I'm using Autoloader (in Azure Databricks) to read parquet files and write their data into the Delta table.
schemaEvolutionMode is set to 'rescue'.
In foreach_batch I do
1) Transform of read dataframe;
2) Create temp view based on read dataframe and merge it into target Delta table using
condition
merge into target using source
on target.pk = source.pk
when matched and target.timestamp_field > source.timestamp_field
then update *
when not matched
insert *
On the first run of the job (when some historical data were being uploaded), first 4 batches went fine, and 5th batch failed with (when trying to execute a merge):
"File "/databricks/spark/python/lib/py4j-0.10.9.7-src.zip/py4j/protocol.py", line 326, in get_return_value raise Py4JJavaError( py4j.protocol.Py4JJavaError: An error occurred while calling o375.sql. : com.databricks.sql.transaction.tahoe.DeltaRuntimeException: Keeping the source of the MERGE statement materialized has failed repeatedly."
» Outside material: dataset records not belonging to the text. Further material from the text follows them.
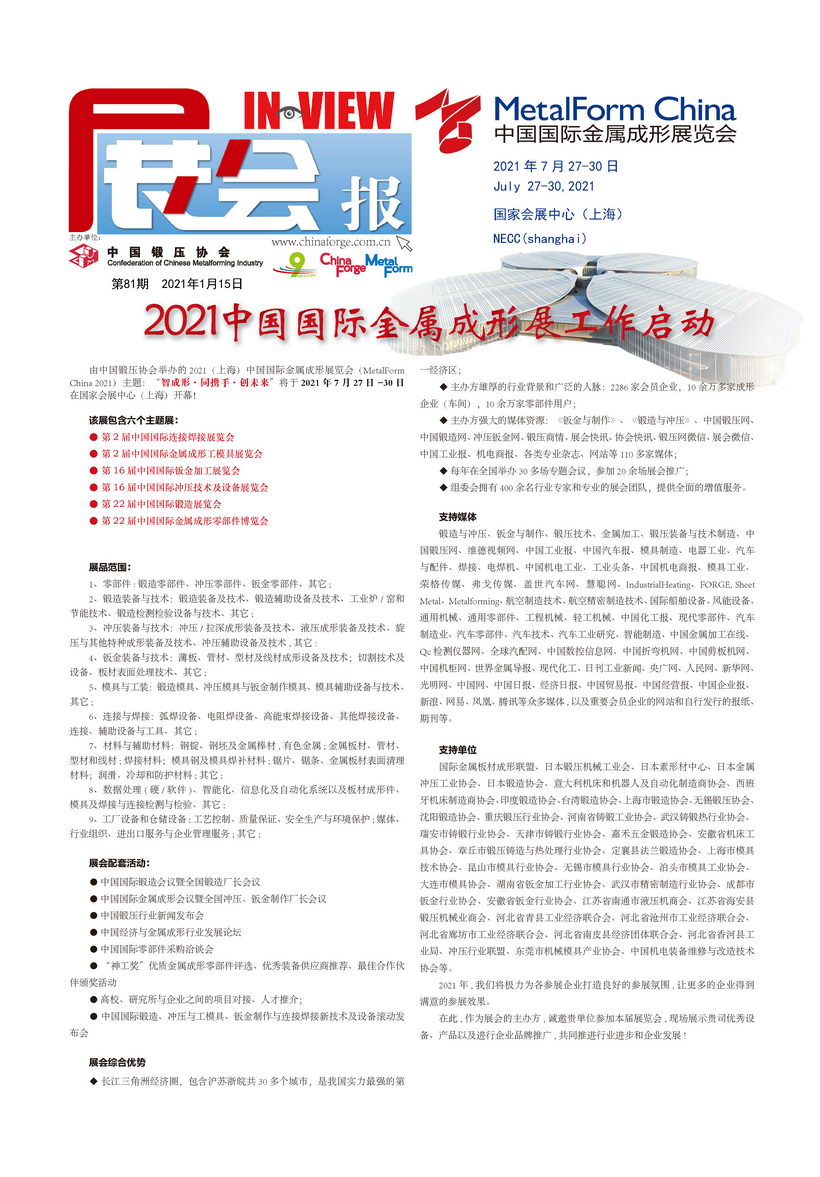 中国国际金属成形展览会,由中国锻压协会始创于1990年的北京锻造展和金属零部件博览会,与创办于2004年的上海冲压展和钣金展,于2007年在北京合并而成。其中,锻造展是世界唯一单独举办的专业展览会,展示规模和水平很高;冲压和钣金制作展,是世界七大同类专业名展之一,是国内唯一的全国性冲压和钣金加工专业展!
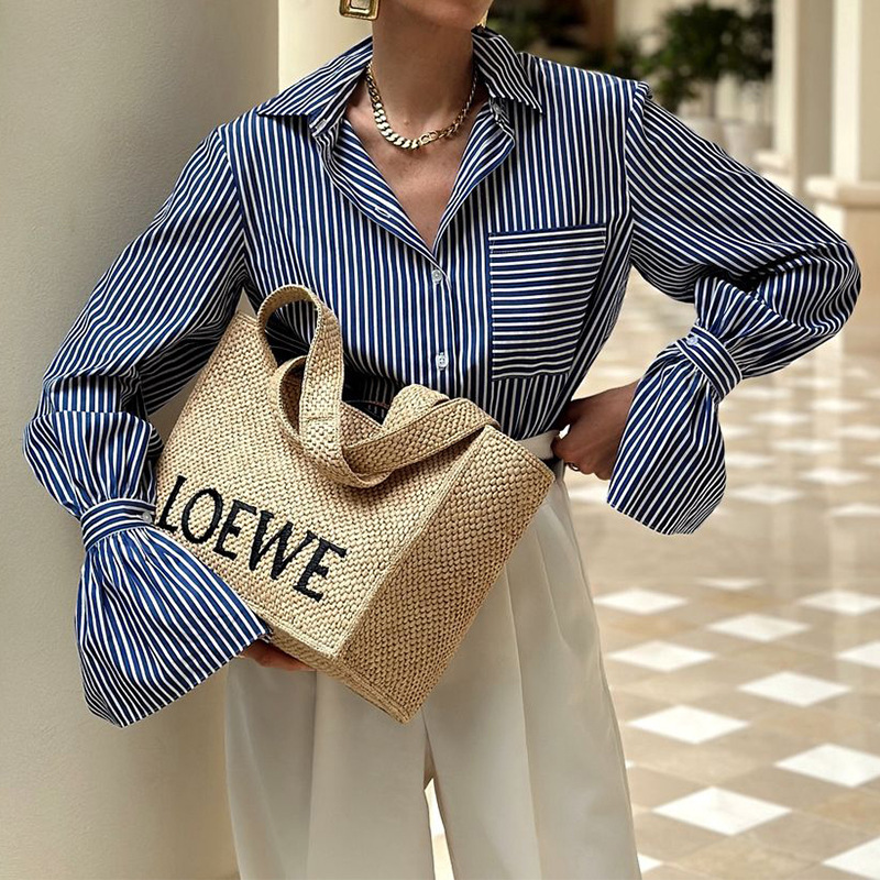 | nameOriginal | Amazon 2024 European and American women's spring and summer new cross-border women's fashion temperament striped printed lapel shirt |
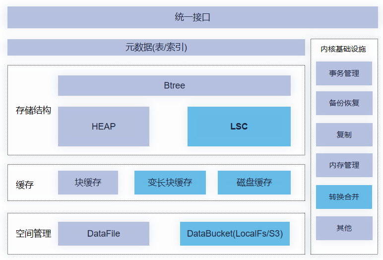 在数据缓存上,LSC根据其数据特征扩展实现了变长块缓存。此外实现了本地磁盘缓存来加速存算分离下的数据访问。
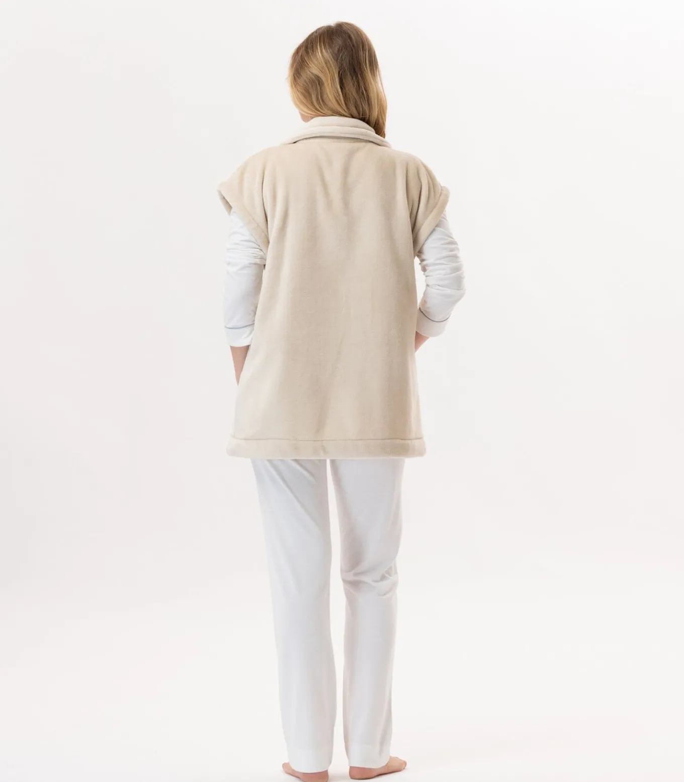 De mouwloze versie van het Essentiel–jasje is een echte ready–to–wear–jas met een maxi–kraag en een dubbele rij knopen. Mouwloos, voegt hij een vleugje warmte toe aan je loungewear, nachtkleding of zelfs je dagoutfits, terwijl hij je bewegingsvrijheid biedt.
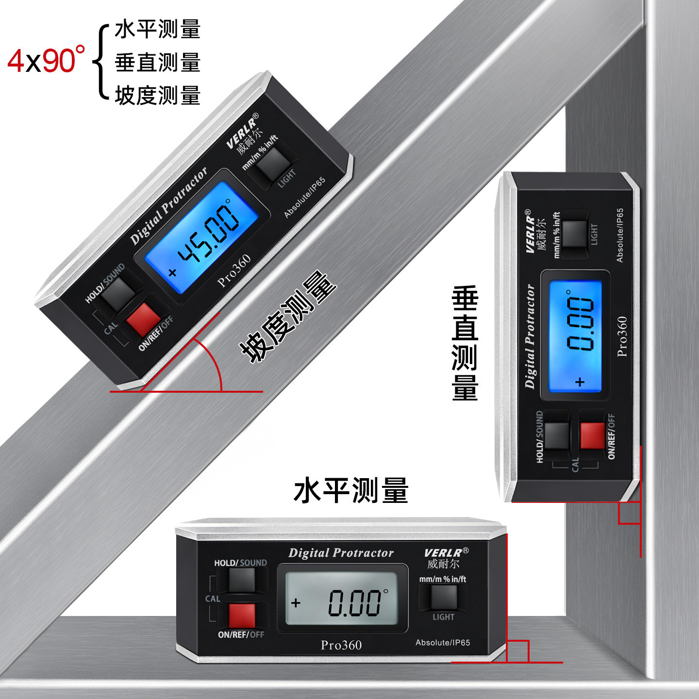 高精度数显角度尺pro360防水角度仪倾角仪数显水平仪360°测量仪
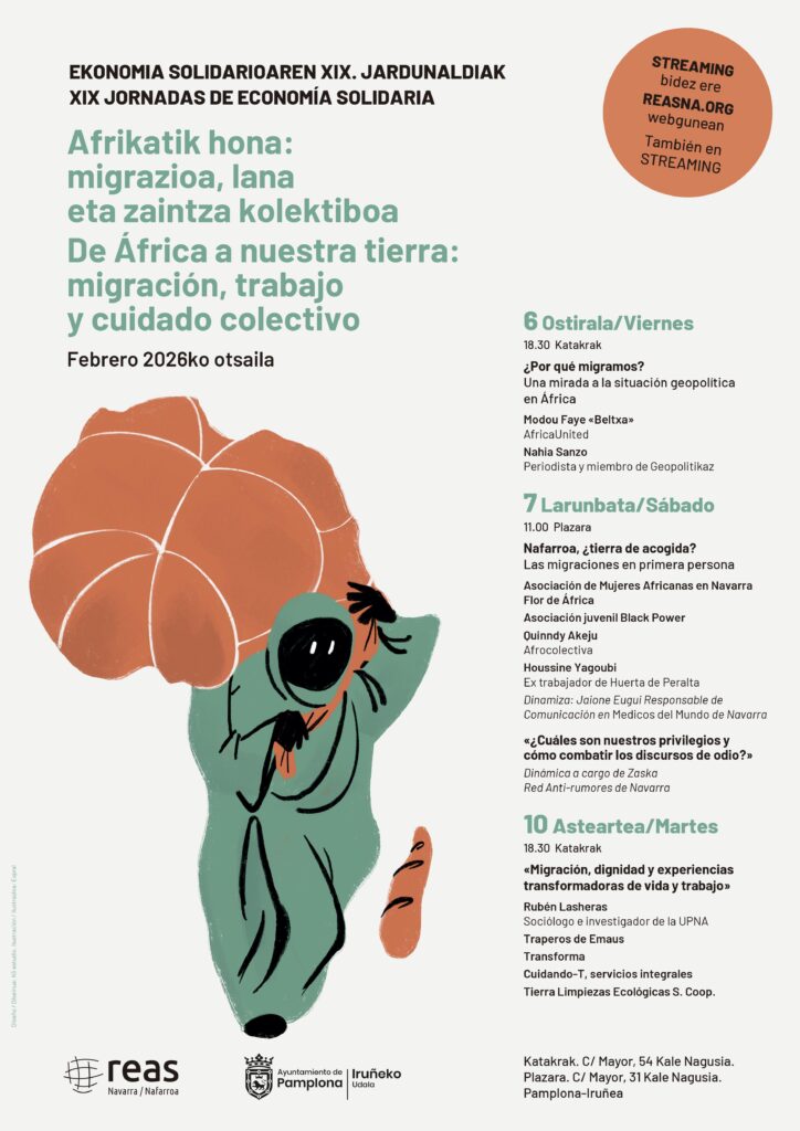 REAS Nafarroak Ekonomia Solidarioaren XIX. Jardunaldiak antolatu ditu Afrikatik datorren migrazioan arreta jarriz eta migrazio-fluxu horien protagonista direnei ahotsa emanez. Giza mugimendu horien arrazoietan sakondu nahi dugu, eta migrazioak gaur egun Nafarroako gizarte osoari, baita Ekonomia Solidarioari ere, egiten dion ekarpena aztertu nahi dugu.
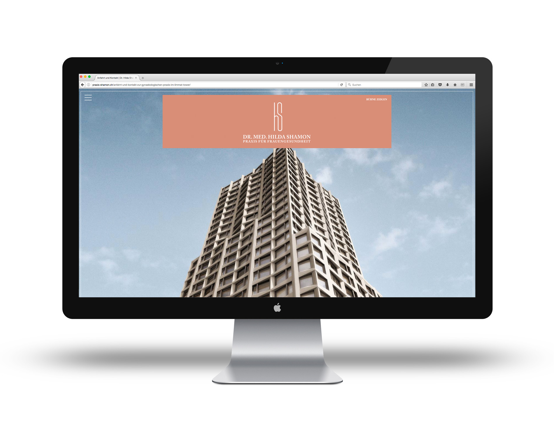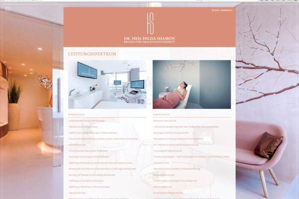 Die Visualisierung des Logos nimmt die Kubatur des Gebäudes auf und verschmilzt mit den Initialen von Dr. Hilda Shamon. Der Schwerpunkt der gynäkologischen Praxis von Dr. Hilda Shamon liegt im Wohlfühlen.
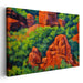 Introducing 'Vibrant Red Rocks,' an enchanting impressionist landscape canvas art print that transports viewers to a mesmerizing natural scene featuring dramatic red rock formations harmoniously set against a rich, lush green backdrop. This captivating artwork, with its vibrant colors and bold brushstrokes, captures the essence of the landscape in a dynamic and lively manner.
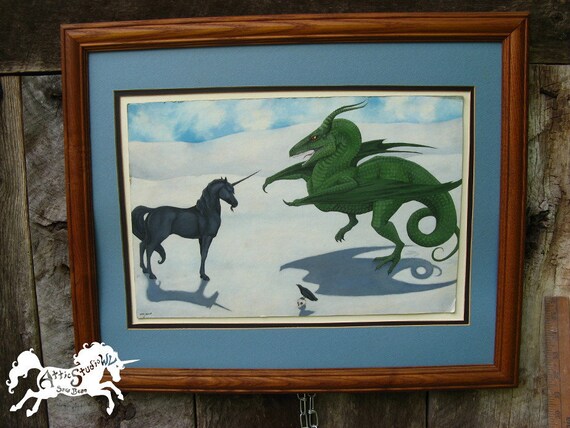 Black Unicorn Vs Wyvern Dragon Painting 18 5 By 22 Inch Etsy
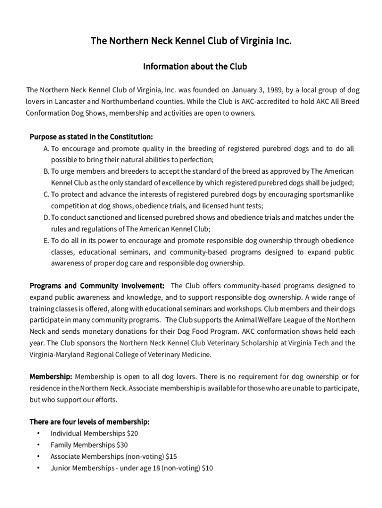The Northern Neck Kennel Club of Virginia Inc. Information about the Club The Northern Neck Kennel Club of Virginia, Inc. was founded on January 3, 1989, by a local group of dog lovers in Lancaster
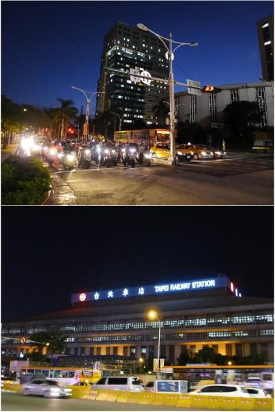 最令我们震撼的还是台北街头的机车。这景观真不是盖的(和越南有一拼吧),每个十字路口都南来北往穿行不绝。红灯的时候,密密麻麻的黑影和刺眼的车灯便靠成一排,然后一层、两层、三层,只听得一片引擎声沉吟着蓄势待发,如同待命的部队,形成大军压境的压迫之势。一旦红灯转绿,引擎便即刻咆哮起来,机车大军中无一不似离弦之箭,脱缰悍马,在我们眼前浩浩荡荡呼啸飞奔而去,轰鸣声震耳欲聋,让人头皮发麻。说实话,初来乍到,真被这阵势吓到了,一点都不敢不老老实实地遵守交通规则,生怕从哪里又突然蹿出一匹野马来,将我们瞬间撂倒。。。
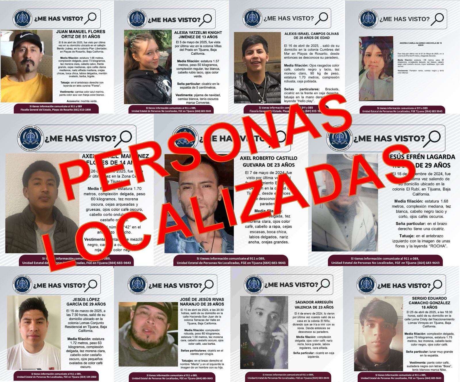 TIJUANA, BAJA CALIFORNIA. - La Fiscalía General del Estado (FGE) informa de la localización de once personas que habían sido reportadas como desaparecidas, tres de ellas menores de edad. Este grupo, compuesto por dos mujeres y nueve hombres, fue localizado en condiciones óptimas de salud.
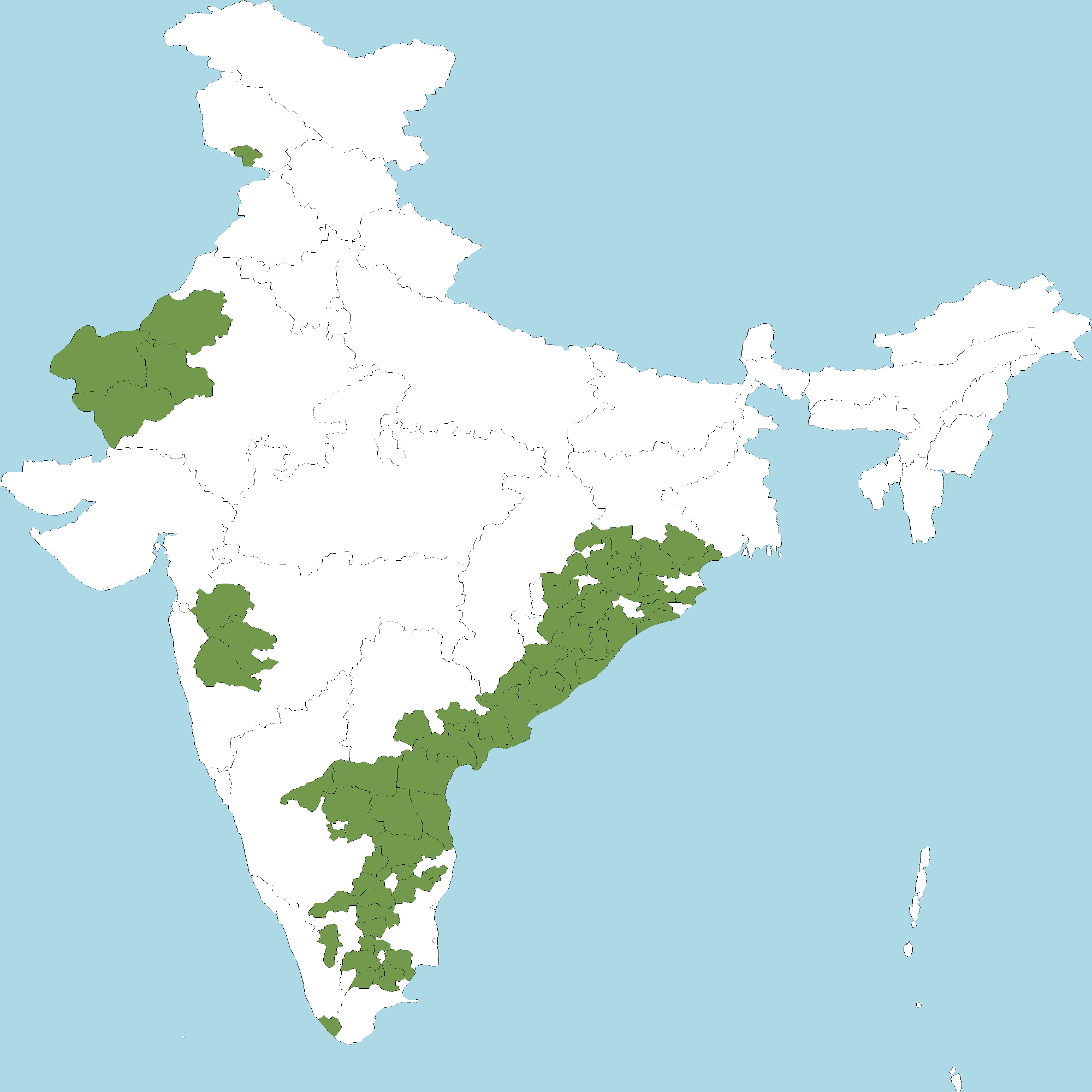 - Andhra Pradesh : Anantapur district, Chittoor district, Y.S.R. Kadapa district, East Godavari district, Guntur district, Krishna district, Kurnool district, S.P.S. Nellore district, Prakasam district, Srikakulam district, Visakhapatnam district, Vizianagaram district, West Godavari district
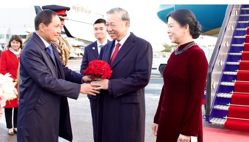 Those welcoming Party General Secretary To Lam, his spouse, and the delegation at the airport were British Parliamentary Under-Secretary of State for Indo-Pacific Seema Malhotra, Vietnamese Ambassador to the UK Do Minh Hung, Stephan Walton from the UK Foreign, Commonwealth and Development Office, and British Ambassador to Vietnam Ian Frew, along with other embassy staff.
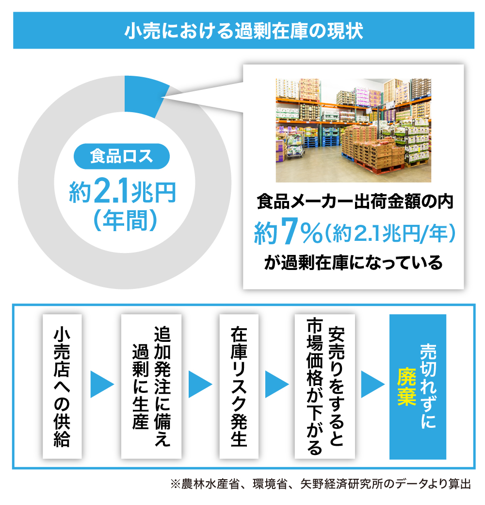 食品メーカーが生産した商品のうち、実は年間約2.1兆円分が販売されることなく廃棄されています。小売店からの追加発注に対応できず欠品してしまうと棚を他社に奪われるため、常に多めに生産する傾向が強いからであると考えています。
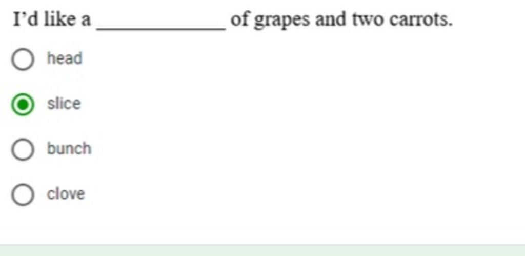 `-` tạm dịch: Tôi muốn có một chùm nho và 2 củ cà rốt.
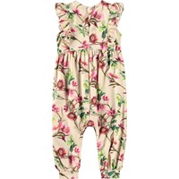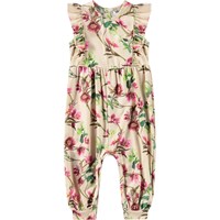 Beige ärmlös jumpsuit tillverkad av mjuk ekologisk bomull med en söt volangkant fram och bak, tryckknappar vid halsen och mellan benen för enkel påklädning. Mönster med julrosor i vitt och ljusrosa nyanser med gröna blad.
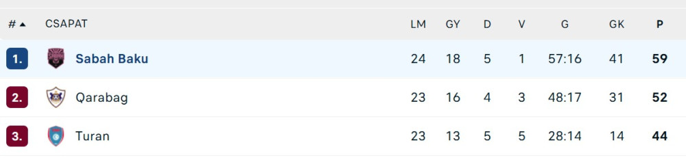 A Sabah immár 7 hét pont előnnyel vezeti a bajnokságot a Qarabag előtt.
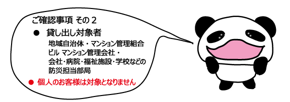 マンション管理組合や 自主防災組織で 防災計画をご検討中のかたは、防災意識を高め、よりよい防災計画を練り上げるために 「おためし貸し出し」を有効にご活用ください!

New run of the job was successfull and all the data from the source files were loaded (including data which caused the fail of 5th batch of the 1st run).
So I'm now trying to understand what were the reasons of the error, and how to prevent it.
I wonder if the error can be related with the fact that there could be duplicated records in read dataframe.
Photon Acceleration is disabled on the cluster, Databricks version is 13.2 ML (Spark 3.4.0).